* _To do_
Where the line with "Enhanced Comfort The" appears below, start writing out lines exactly, and finish with the line with "4月23日下午,由山东省房地", which is included; write out nothing else.

* _Task data_
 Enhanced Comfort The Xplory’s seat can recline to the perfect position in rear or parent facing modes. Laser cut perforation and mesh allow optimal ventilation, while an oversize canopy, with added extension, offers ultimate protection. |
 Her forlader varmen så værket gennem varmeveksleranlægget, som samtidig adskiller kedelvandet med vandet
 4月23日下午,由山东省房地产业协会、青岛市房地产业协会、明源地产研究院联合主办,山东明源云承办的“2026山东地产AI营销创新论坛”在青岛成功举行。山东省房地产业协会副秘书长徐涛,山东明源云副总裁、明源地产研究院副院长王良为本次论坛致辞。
* * *
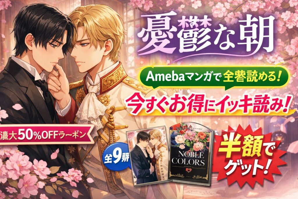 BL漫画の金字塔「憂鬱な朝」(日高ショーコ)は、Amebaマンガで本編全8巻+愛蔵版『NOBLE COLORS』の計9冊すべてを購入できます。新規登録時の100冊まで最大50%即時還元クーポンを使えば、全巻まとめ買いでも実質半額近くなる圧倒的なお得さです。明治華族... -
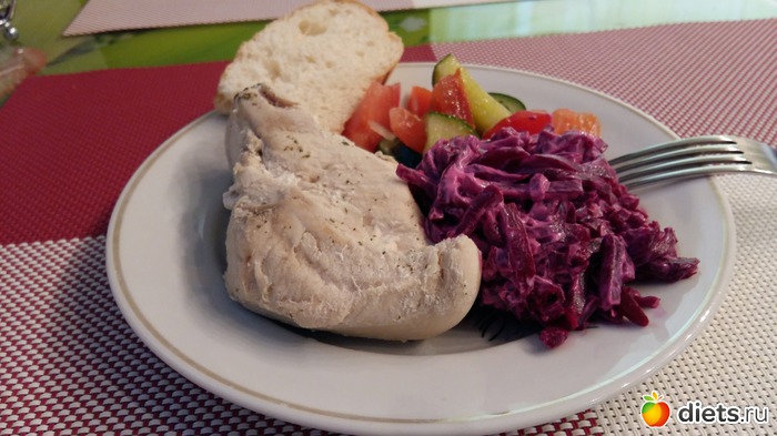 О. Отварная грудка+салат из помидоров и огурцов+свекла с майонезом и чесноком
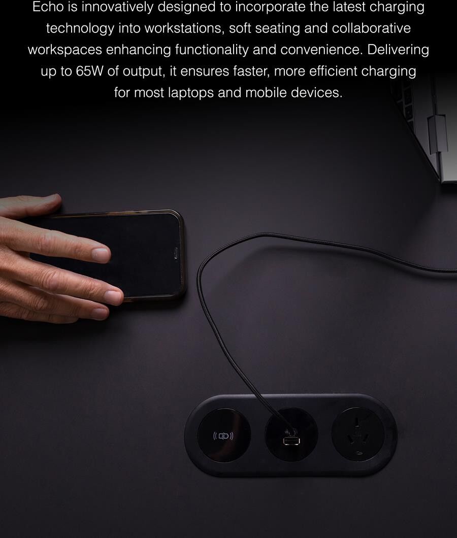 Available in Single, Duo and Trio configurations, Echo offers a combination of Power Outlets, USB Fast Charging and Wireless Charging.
---
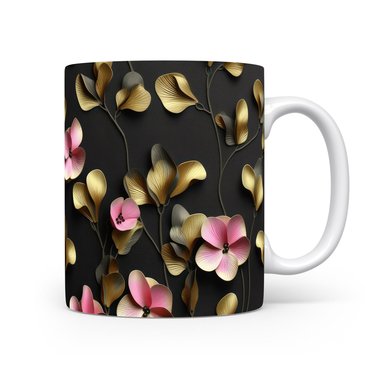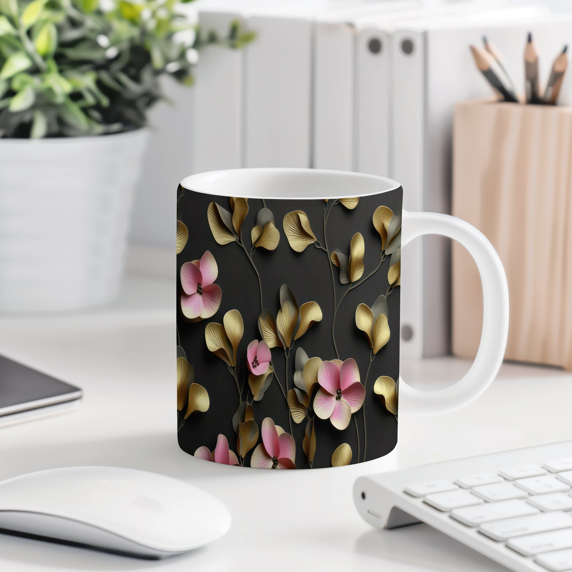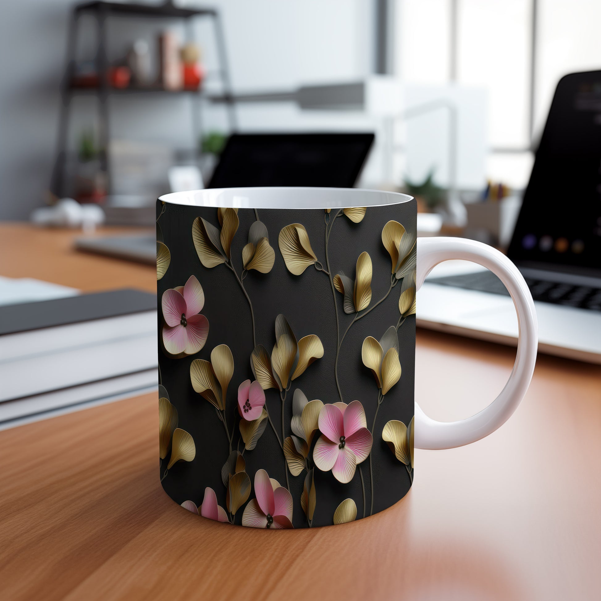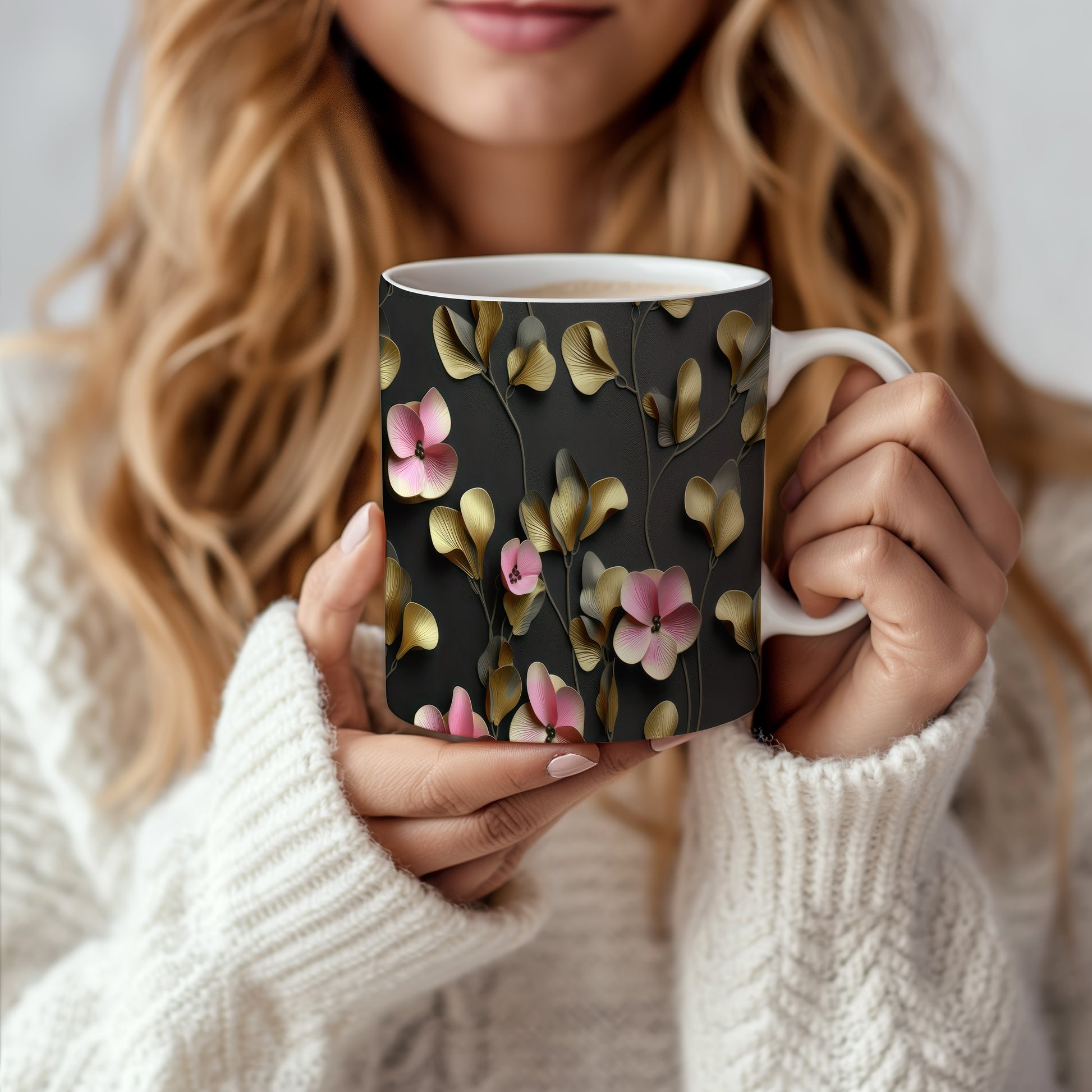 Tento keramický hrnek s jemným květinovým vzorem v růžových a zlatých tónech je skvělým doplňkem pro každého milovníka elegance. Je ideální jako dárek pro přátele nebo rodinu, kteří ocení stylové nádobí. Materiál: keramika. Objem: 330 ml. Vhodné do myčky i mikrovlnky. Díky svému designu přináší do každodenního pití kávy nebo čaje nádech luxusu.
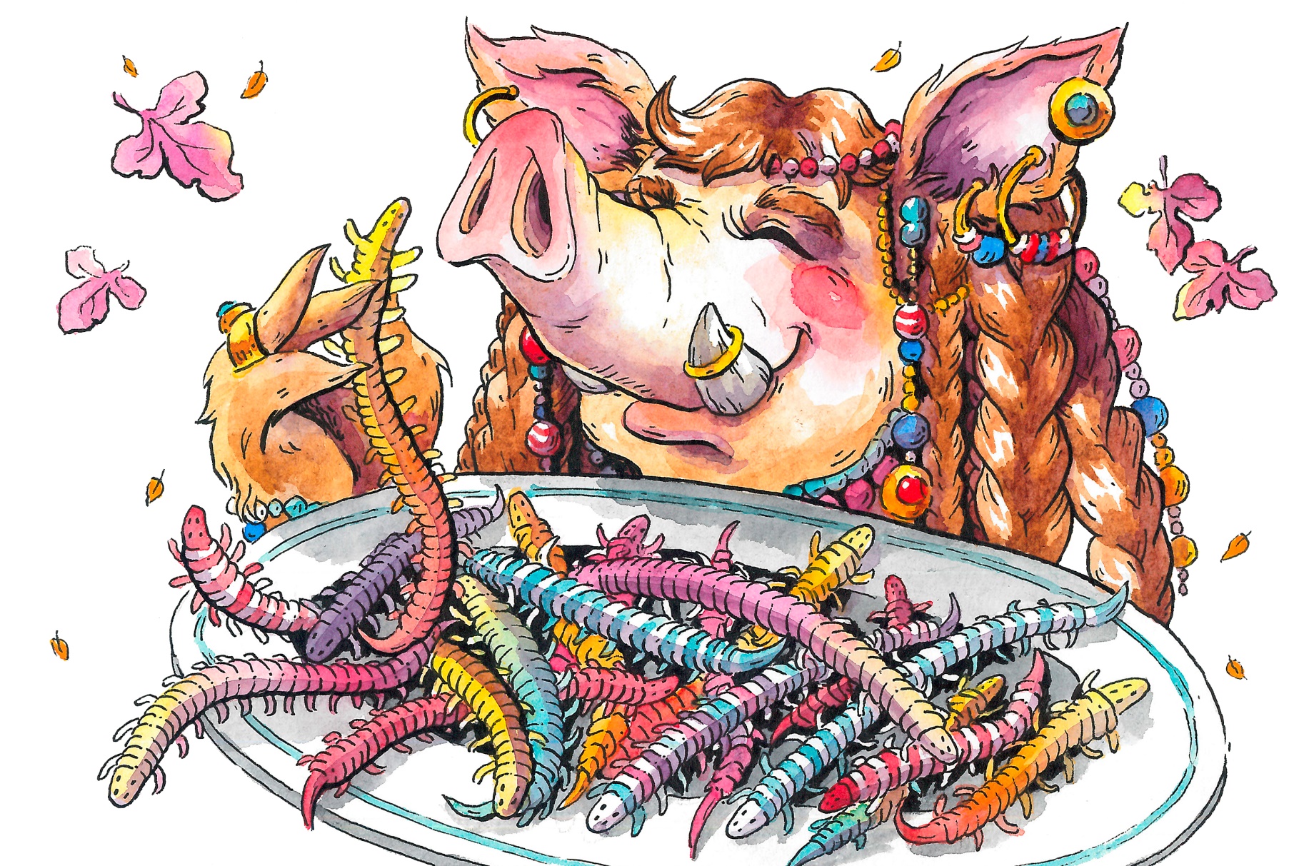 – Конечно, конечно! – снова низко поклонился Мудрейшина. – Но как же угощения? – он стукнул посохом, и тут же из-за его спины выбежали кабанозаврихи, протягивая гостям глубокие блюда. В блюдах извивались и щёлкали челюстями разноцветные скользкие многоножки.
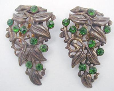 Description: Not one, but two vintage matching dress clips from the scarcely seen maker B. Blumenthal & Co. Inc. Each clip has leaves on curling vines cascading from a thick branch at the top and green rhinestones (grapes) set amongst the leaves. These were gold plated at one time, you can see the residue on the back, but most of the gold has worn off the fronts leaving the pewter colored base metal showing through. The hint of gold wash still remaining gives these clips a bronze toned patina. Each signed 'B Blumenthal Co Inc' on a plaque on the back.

* _Response to the exercise_
 Enhanced Comfort The Xplory’s seat can recline to the perfect position in rear or parent facing modes. Laser cut perforation and mesh allow optimal ventilation, while an oversize canopy, with added extension, offers ultimate protection. |
 Her forlader varmen så værket gennem varmeveksleranlægget, som samtidig adskiller kedelvandet med vandet
 4月23日下午,由山东省房地产业协会、青岛市房地产业协会、明源地产研究院联合主办,山东明源云承办的“2026山东地产AI营销创新论坛”在青岛成功举行。山东省房地产业协会副秘书长徐涛,山东明源云副总裁、明源地产研究院副院长王良为本次论坛致辞。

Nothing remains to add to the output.